● **Data provided**
BEGIN

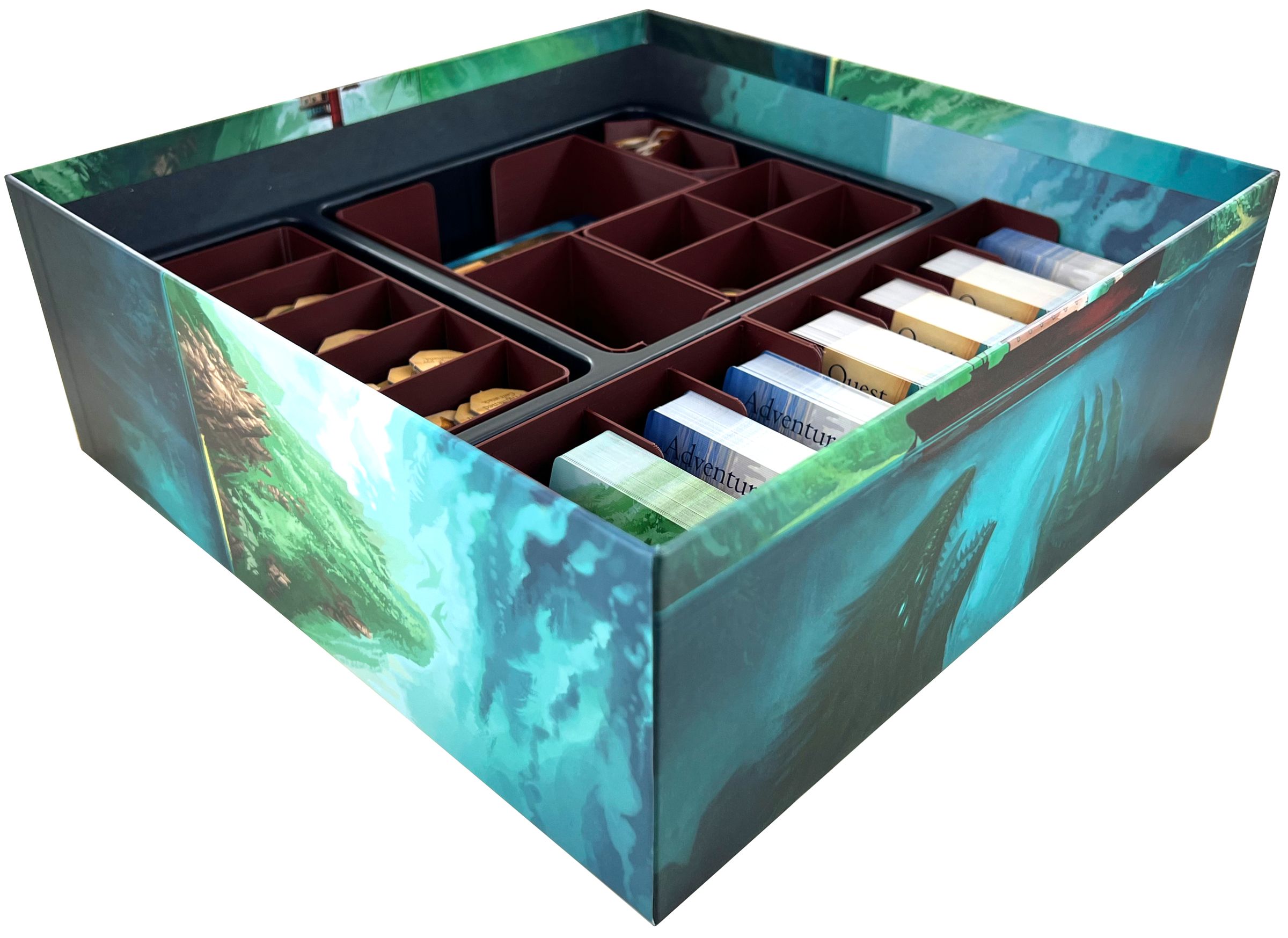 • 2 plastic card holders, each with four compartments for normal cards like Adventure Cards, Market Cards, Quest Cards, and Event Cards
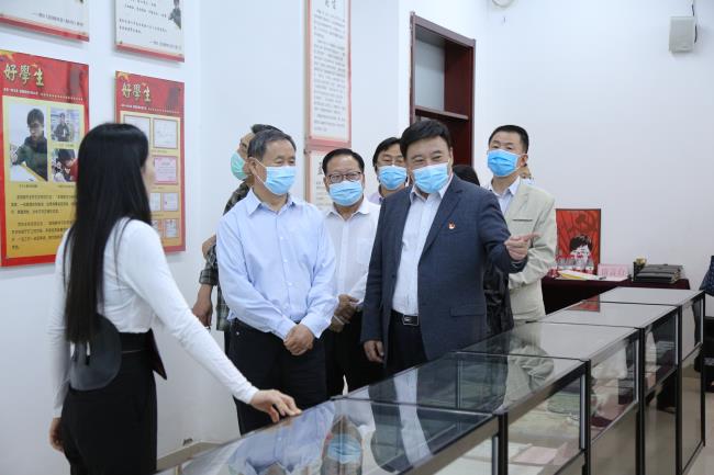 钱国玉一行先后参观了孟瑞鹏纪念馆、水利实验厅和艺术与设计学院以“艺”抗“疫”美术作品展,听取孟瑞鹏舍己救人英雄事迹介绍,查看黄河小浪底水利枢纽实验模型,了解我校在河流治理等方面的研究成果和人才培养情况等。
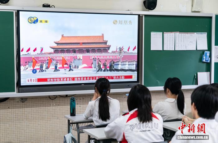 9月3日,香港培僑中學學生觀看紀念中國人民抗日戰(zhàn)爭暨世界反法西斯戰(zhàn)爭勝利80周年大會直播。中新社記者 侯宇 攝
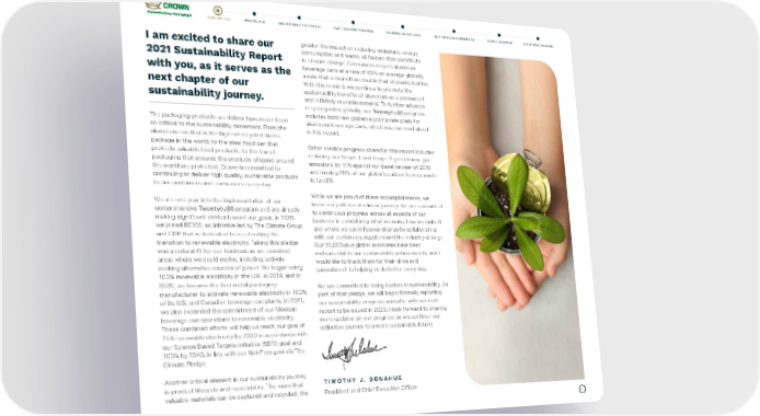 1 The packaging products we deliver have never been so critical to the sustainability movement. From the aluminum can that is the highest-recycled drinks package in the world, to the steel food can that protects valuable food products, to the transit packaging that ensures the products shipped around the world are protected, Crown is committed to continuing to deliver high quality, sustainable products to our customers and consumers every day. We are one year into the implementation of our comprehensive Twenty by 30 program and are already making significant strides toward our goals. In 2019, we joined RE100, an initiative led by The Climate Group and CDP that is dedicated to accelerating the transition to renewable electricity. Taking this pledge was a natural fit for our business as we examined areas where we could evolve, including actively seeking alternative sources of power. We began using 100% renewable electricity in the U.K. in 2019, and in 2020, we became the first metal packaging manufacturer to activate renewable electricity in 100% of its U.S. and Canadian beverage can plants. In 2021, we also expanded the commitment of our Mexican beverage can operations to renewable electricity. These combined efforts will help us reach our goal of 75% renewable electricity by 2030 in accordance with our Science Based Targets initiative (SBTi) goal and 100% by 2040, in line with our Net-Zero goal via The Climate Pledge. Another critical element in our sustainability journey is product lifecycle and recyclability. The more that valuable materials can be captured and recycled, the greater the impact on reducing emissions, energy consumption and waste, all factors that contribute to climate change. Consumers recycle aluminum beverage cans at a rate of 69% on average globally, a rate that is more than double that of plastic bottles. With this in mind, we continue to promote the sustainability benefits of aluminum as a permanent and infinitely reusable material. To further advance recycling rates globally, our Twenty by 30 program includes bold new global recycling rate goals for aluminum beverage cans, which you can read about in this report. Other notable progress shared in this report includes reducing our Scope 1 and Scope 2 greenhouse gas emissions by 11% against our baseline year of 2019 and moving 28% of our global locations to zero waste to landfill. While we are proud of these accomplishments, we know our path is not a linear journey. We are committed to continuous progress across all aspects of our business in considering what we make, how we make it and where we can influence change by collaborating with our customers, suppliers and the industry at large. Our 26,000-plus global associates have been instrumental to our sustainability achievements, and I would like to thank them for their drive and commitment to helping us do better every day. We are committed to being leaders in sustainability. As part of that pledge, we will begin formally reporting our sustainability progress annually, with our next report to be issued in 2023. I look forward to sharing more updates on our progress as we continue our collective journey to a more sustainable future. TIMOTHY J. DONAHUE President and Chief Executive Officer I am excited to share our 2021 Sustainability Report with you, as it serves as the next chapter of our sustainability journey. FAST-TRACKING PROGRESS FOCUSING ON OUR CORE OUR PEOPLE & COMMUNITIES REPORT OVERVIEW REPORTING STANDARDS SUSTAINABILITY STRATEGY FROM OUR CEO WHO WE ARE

END
BEGIN

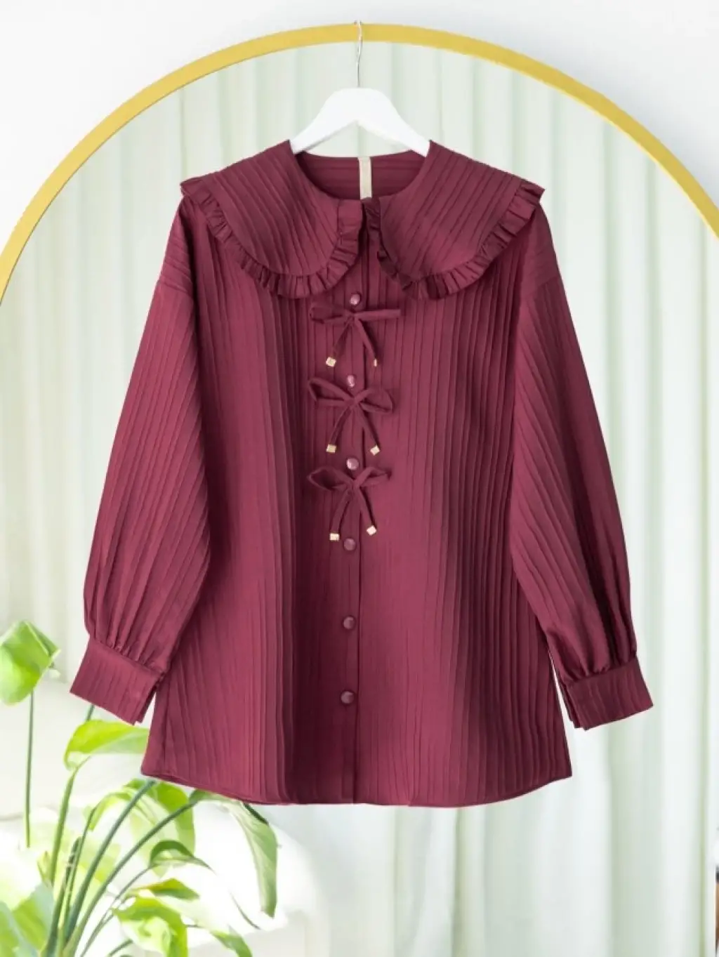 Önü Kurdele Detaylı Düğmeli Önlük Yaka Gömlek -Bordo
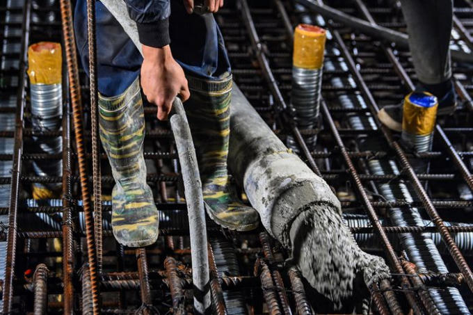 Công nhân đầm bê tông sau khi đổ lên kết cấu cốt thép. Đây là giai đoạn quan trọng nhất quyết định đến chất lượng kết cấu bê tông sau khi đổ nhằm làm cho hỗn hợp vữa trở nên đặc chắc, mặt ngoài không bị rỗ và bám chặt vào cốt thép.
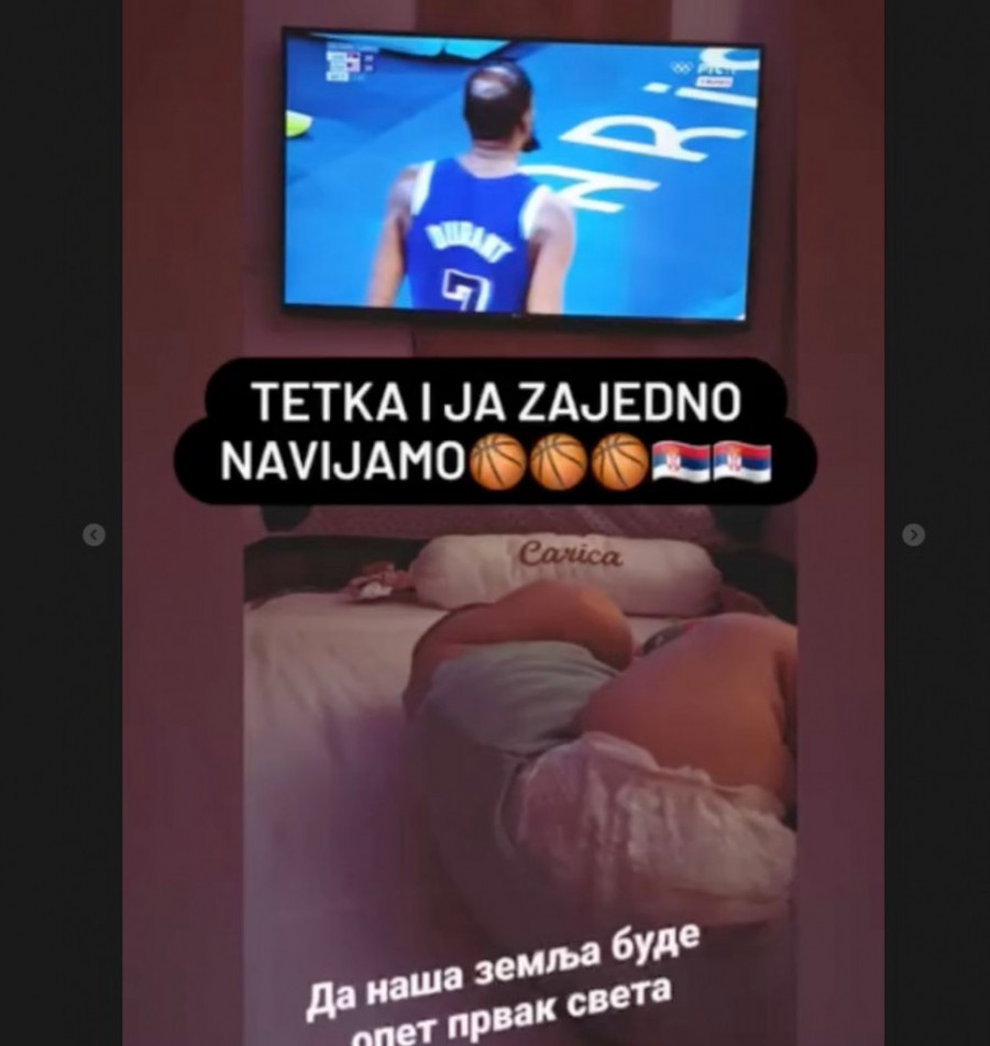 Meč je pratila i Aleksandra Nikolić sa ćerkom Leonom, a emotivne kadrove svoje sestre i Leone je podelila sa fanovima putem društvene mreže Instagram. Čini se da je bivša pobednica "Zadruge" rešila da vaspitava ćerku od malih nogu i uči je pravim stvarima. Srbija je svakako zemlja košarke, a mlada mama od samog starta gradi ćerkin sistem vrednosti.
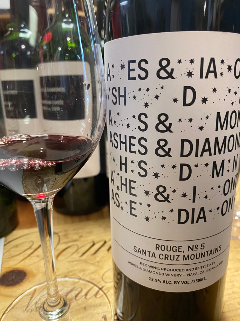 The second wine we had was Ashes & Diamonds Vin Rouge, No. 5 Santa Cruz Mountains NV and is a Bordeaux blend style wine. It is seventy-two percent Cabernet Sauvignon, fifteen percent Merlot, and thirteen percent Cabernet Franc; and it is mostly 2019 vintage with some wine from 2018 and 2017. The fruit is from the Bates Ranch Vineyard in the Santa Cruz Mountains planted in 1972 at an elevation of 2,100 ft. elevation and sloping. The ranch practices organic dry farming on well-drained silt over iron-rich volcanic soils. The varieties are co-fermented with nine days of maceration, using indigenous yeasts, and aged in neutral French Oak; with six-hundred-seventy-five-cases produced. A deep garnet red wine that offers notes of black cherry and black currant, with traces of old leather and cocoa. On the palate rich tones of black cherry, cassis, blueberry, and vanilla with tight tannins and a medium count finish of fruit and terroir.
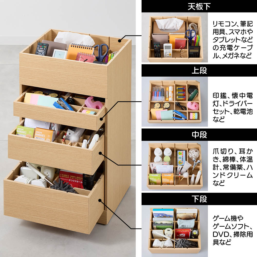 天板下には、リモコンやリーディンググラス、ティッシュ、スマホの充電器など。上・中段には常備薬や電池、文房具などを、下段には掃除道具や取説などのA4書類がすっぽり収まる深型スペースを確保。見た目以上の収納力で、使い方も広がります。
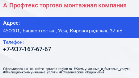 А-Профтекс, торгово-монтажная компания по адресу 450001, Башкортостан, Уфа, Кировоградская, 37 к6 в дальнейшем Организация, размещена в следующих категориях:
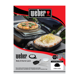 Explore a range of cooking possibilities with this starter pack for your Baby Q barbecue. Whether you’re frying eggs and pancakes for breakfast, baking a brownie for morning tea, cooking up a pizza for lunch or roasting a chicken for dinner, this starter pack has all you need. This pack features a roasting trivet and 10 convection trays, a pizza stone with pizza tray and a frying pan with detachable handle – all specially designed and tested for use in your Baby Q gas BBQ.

END

● **Brief**
Leaving out all pictures, set down exactly the lines of the material above, from the line with "and Event Cards" to the line with "钱国玉一行先后参观了孟瑞鹏纪" inclusive, and no others.

● **Written solution**
 • 2 plastic card holders, each with four compartments for normal cards like Adventure Cards, Market Cards, Quest Cards, and Event Cards
 钱国玉一行先后参观了孟瑞鹏纪念馆、水利实验厅和艺术与设计学院以“艺”抗“疫”美术作品展,听取孟瑞鹏舍己救人英雄事迹介绍,查看黄河小浪底水利枢纽实验模型,了解我校在河流治理等方面的研究成果和人才培养情况等。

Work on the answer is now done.